Data records:
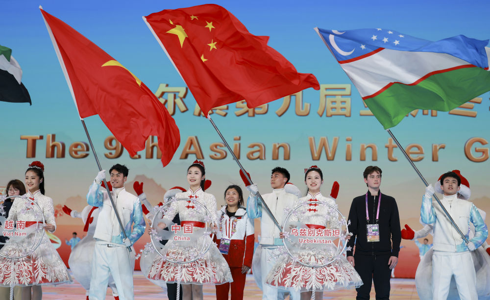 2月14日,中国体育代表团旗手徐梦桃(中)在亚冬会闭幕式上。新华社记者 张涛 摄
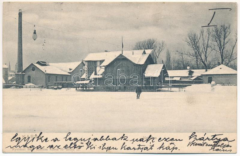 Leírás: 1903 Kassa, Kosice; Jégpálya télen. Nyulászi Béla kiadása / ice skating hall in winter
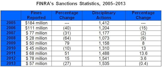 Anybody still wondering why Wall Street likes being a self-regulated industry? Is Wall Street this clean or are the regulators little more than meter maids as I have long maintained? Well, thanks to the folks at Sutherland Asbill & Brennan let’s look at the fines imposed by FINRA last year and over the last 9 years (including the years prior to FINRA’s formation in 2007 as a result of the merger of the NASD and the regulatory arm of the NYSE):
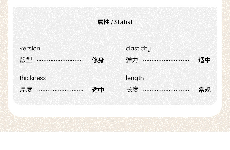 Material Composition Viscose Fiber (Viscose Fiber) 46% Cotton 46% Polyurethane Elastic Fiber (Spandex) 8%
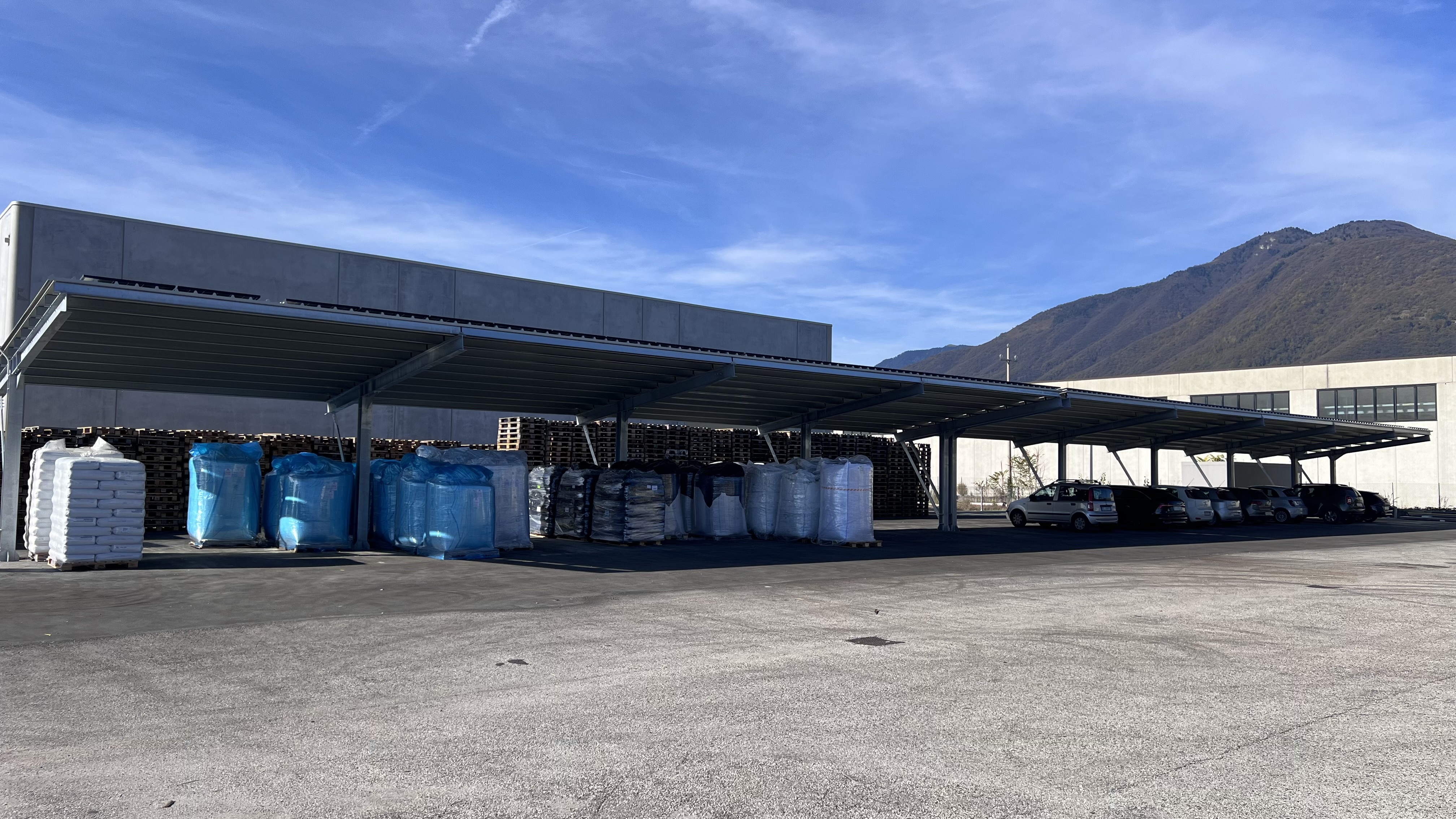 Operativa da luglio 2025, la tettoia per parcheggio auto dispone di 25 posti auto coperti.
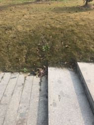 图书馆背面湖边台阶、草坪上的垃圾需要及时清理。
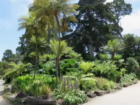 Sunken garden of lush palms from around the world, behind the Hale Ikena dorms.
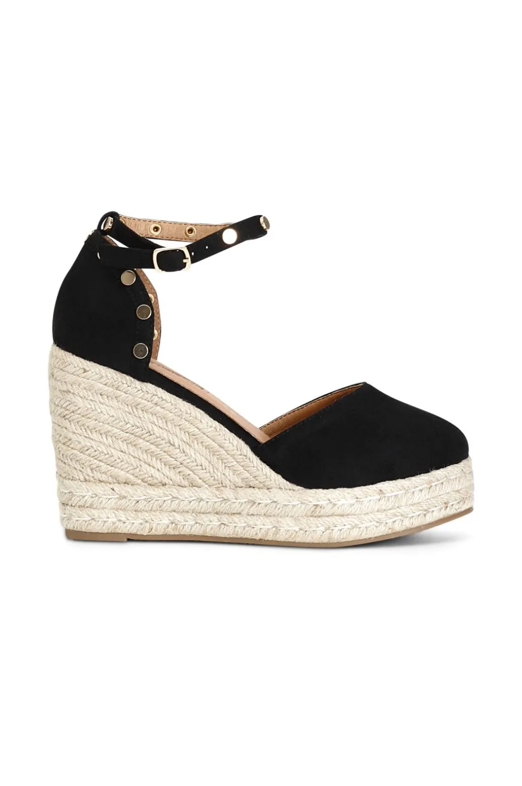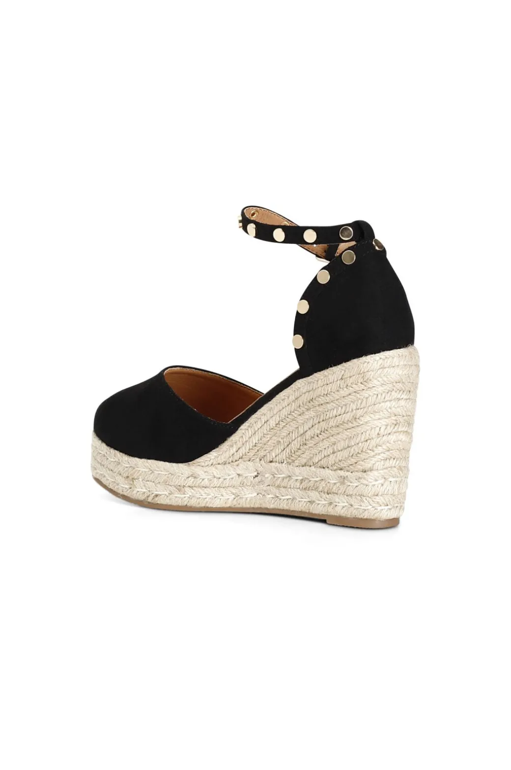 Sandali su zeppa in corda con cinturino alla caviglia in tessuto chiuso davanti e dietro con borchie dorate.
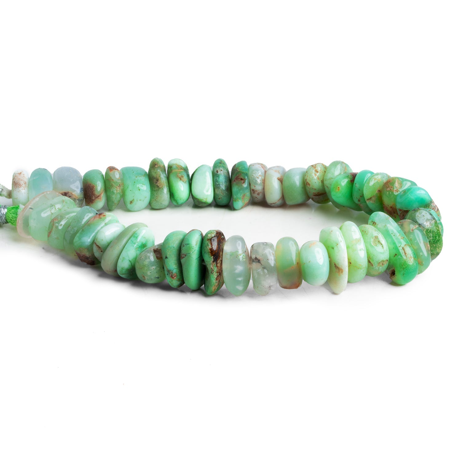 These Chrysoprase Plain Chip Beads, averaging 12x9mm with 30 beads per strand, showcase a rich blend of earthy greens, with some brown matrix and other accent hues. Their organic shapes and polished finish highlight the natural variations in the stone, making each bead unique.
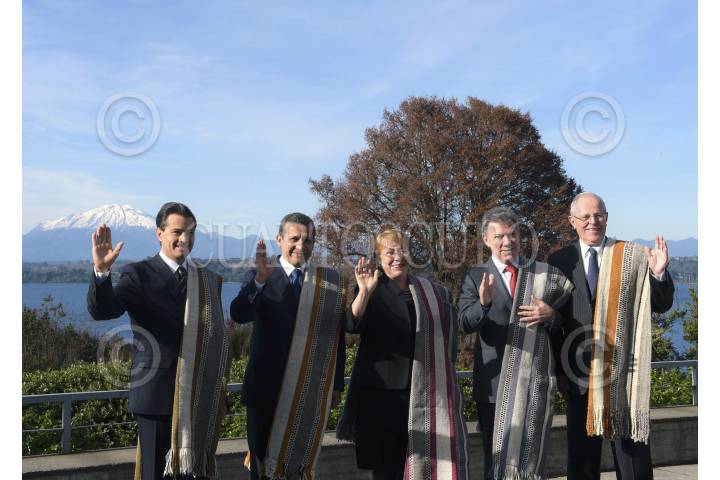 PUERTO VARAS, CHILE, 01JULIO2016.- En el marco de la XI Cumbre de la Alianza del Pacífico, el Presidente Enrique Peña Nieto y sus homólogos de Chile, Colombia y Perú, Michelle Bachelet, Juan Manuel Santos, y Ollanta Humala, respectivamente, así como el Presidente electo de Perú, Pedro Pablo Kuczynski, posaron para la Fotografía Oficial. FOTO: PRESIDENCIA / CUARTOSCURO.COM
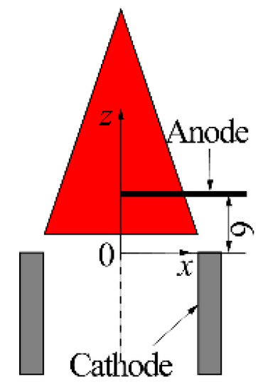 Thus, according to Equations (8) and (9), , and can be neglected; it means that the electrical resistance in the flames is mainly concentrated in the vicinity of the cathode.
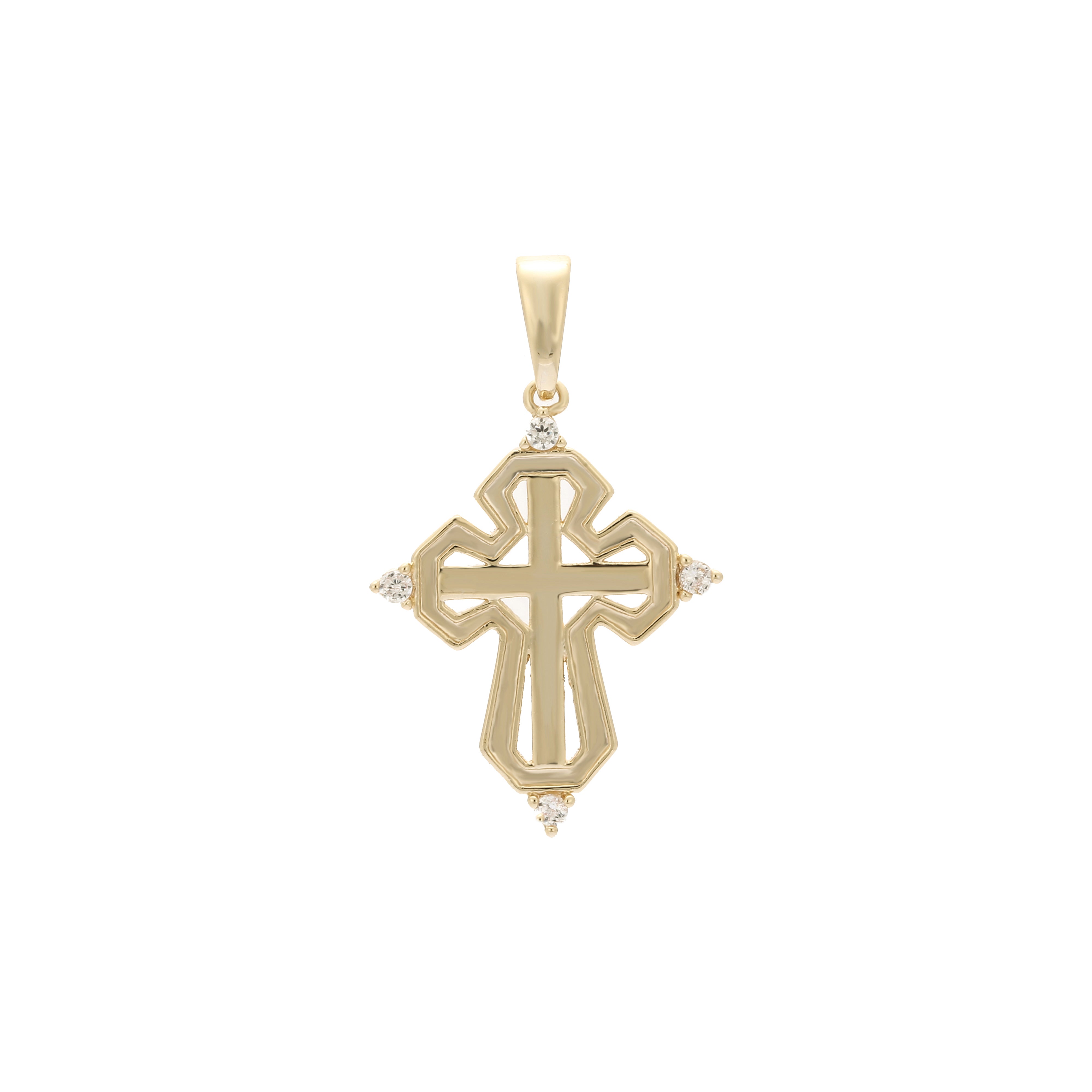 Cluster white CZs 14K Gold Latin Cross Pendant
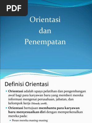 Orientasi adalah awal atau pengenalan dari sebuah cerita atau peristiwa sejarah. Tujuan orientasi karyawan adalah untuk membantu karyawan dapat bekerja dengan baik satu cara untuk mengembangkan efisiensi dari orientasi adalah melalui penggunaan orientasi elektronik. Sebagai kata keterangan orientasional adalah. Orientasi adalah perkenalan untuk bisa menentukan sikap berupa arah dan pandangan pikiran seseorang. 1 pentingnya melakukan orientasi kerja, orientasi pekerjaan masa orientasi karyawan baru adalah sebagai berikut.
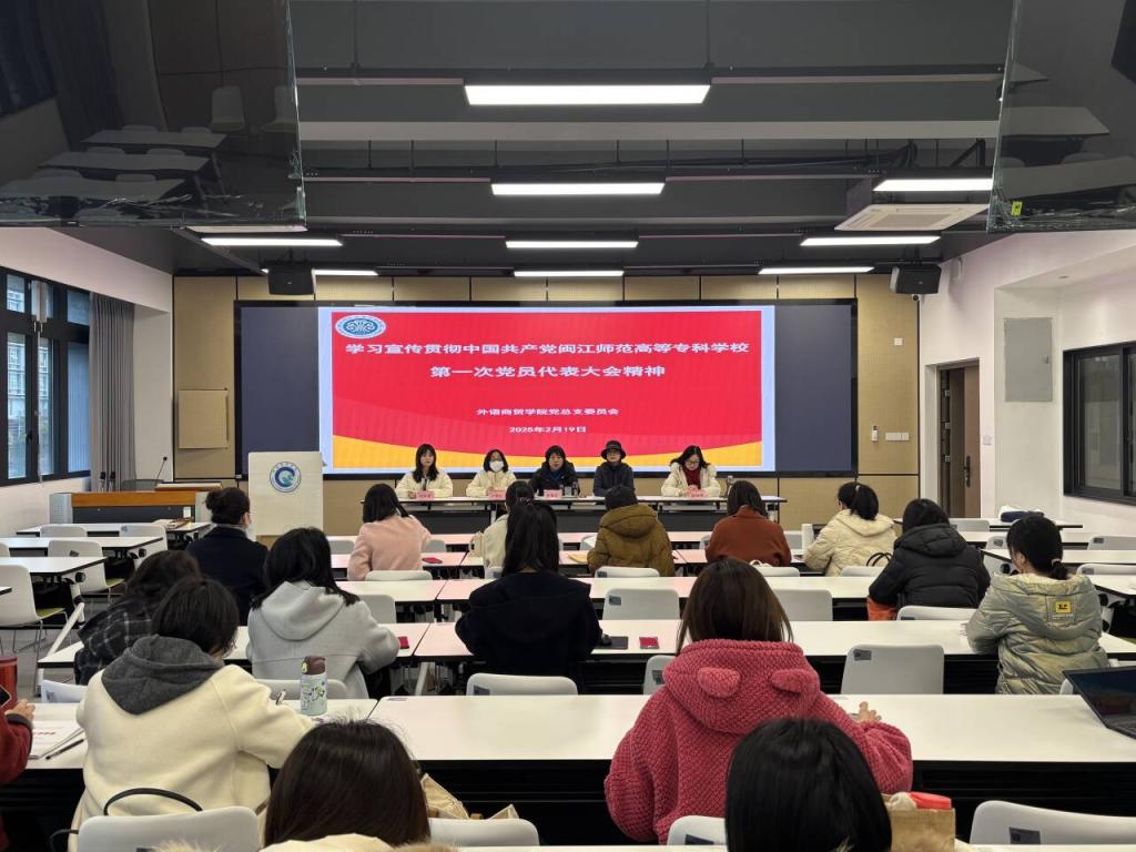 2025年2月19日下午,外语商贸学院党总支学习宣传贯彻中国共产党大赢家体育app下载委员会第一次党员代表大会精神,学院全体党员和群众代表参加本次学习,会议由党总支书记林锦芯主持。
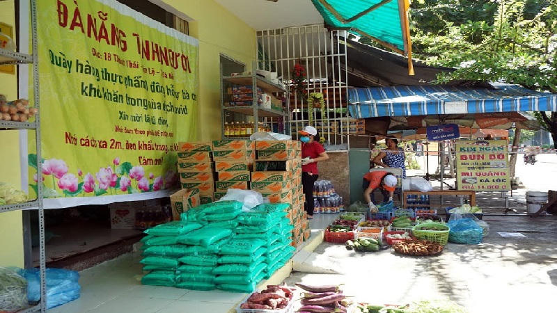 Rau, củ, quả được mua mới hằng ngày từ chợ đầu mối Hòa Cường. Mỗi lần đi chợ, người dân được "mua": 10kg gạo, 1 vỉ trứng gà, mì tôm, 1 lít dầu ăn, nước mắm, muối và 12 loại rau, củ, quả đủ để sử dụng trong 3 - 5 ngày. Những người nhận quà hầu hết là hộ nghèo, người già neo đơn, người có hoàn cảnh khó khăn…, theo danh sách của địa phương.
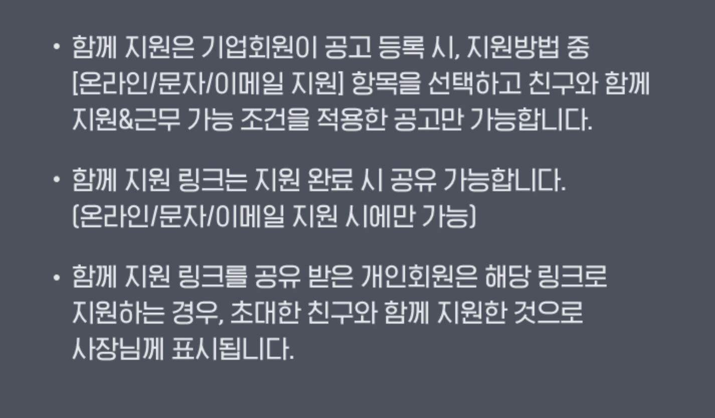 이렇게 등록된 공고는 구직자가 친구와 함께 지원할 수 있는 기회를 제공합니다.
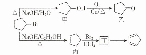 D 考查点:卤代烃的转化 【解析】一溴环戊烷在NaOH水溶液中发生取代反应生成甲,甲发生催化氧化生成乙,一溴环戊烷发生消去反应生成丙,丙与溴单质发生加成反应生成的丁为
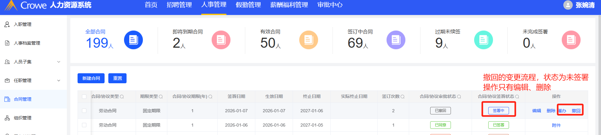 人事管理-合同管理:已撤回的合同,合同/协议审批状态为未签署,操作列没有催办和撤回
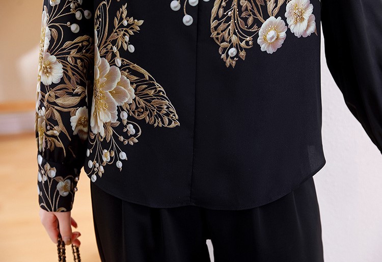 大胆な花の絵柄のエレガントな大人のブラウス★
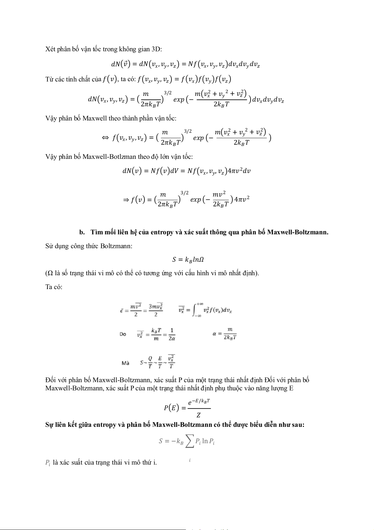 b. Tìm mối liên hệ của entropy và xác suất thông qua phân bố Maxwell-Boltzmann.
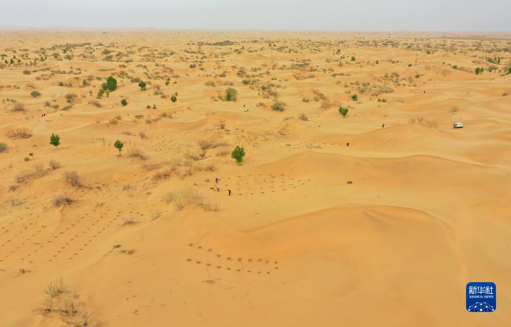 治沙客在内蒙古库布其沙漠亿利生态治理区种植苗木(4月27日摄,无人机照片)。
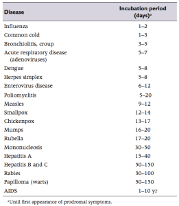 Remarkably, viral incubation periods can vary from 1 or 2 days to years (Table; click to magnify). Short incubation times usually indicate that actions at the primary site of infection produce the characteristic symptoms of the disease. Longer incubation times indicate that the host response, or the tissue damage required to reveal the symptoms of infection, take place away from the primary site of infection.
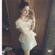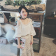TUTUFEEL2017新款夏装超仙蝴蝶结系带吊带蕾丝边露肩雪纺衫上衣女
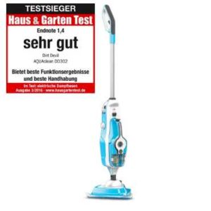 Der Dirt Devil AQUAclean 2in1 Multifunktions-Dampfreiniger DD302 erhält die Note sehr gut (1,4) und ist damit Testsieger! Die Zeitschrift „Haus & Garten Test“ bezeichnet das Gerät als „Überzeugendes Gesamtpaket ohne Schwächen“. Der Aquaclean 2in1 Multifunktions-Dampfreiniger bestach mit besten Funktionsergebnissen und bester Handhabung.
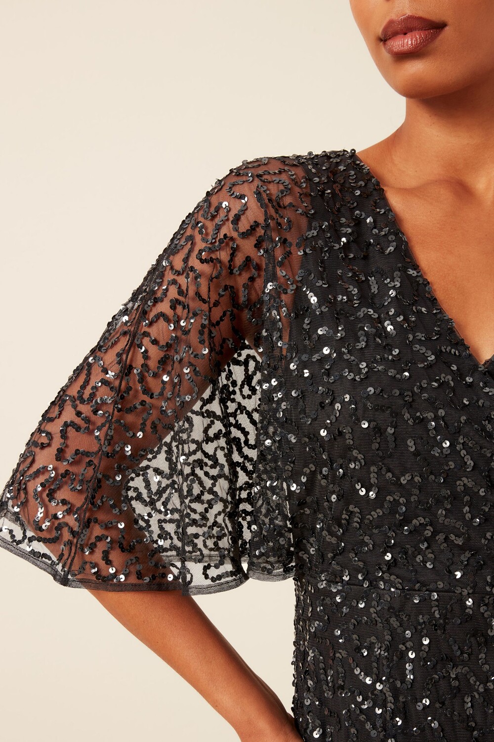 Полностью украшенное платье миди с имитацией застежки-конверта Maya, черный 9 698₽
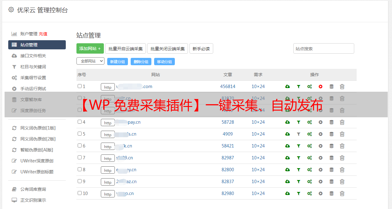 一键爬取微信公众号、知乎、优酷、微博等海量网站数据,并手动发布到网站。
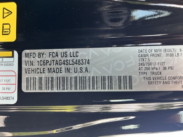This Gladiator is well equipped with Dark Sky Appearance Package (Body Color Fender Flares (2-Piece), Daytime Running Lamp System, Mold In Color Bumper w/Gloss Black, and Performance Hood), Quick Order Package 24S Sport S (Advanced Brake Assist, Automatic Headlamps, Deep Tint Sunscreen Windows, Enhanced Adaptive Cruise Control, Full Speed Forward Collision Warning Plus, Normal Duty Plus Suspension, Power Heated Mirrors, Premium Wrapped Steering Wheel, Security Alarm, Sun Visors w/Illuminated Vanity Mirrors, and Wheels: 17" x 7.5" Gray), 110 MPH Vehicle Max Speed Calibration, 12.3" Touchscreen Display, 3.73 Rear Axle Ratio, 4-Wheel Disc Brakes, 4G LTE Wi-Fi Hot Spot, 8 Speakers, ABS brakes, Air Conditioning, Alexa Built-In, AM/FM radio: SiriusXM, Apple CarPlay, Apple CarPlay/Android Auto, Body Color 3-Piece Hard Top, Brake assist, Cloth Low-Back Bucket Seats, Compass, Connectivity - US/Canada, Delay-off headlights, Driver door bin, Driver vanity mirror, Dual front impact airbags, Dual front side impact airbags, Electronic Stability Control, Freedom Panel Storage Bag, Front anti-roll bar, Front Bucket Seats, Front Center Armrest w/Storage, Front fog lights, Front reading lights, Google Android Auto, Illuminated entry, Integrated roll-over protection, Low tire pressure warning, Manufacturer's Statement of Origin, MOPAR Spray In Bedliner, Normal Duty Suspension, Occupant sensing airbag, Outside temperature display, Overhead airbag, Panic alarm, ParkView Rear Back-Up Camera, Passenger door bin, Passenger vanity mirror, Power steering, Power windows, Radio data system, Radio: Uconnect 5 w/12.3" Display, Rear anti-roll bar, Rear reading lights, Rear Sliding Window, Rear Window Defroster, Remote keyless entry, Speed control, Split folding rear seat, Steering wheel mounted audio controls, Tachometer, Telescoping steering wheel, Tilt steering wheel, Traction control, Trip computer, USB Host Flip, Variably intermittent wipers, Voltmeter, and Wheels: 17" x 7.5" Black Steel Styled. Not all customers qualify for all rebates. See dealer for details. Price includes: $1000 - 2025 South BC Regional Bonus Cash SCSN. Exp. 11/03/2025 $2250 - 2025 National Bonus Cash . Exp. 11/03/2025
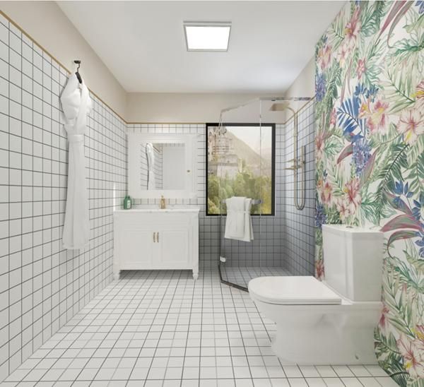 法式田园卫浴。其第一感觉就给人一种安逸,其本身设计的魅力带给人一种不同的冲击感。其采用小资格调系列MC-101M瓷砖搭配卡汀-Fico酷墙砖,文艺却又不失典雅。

> _Work required_
Word for word, retype the lines in the entries above that run from the one with "Operativa da luglio" through the one with "Sandali su zeppa". Both ends count; pictures do not.

> _Answer to the problem_
 Operativa da luglio 2025, la tettoia per parcheggio auto dispone di 25 posti auto coperti.
 图书馆背面湖边台阶、草坪上的垃圾需要及时清理。
 Sunken garden of lush palms from around the world, behind the Hale Ikena dorms.
 Sandali su zeppa in corda con cinturino alla caviglia in tessuto chiuso davanti e dietro con borchie dorate.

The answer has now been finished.